:: Records shown ::
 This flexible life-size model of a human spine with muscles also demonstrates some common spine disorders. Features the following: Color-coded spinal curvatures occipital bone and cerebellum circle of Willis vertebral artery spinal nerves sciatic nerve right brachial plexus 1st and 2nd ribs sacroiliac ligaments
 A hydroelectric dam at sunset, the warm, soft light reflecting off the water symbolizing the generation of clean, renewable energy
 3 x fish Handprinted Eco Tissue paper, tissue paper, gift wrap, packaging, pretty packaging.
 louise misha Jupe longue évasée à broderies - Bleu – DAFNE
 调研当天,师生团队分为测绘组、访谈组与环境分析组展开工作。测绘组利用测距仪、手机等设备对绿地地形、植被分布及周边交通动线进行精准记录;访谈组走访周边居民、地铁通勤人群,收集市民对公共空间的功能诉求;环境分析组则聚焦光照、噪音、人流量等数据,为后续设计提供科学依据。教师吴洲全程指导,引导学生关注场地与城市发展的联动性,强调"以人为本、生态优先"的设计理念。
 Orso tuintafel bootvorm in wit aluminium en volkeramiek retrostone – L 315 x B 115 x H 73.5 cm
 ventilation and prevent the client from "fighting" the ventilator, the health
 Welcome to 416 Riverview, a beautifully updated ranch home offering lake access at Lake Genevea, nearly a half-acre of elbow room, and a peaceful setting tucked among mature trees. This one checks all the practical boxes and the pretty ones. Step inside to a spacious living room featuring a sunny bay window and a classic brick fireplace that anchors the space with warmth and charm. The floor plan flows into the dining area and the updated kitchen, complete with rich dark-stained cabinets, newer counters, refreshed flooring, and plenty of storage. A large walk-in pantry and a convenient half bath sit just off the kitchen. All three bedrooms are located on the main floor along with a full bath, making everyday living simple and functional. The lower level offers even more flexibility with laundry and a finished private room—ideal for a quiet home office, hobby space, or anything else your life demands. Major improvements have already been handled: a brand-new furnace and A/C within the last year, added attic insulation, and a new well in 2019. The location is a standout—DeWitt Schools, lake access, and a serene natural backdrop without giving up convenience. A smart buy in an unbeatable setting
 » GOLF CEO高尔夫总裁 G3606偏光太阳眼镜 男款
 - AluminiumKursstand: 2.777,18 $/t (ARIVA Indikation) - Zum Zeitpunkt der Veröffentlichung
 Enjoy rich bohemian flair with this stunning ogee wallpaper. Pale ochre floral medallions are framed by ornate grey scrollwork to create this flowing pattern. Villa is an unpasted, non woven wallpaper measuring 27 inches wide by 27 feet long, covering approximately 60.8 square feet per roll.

:: Work required ::
The lines to retype, exactly and only, run from the first line of the material through the line with "louise misha Jupe".

:: Answer ::
 This flexible life-size model of a human spine with muscles also demonstrates some common spine disorders. Features the following: Color-coded spinal curvatures occipital bone and cerebellum circle of Willis vertebral artery spinal nerves sciatic nerve right brachial plexus 1st and 2nd ribs sacroiliac ligaments
 A hydroelectric dam at sunset, the warm, soft light reflecting off the water symbolizing the generation of clean, renewable energy
 3 x fish Handprinted Eco Tissue paper, tissue paper, gift wrap, packaging, pretty packaging.
 louise misha Jupe longue évasée à broderies - Bleu – DAFNE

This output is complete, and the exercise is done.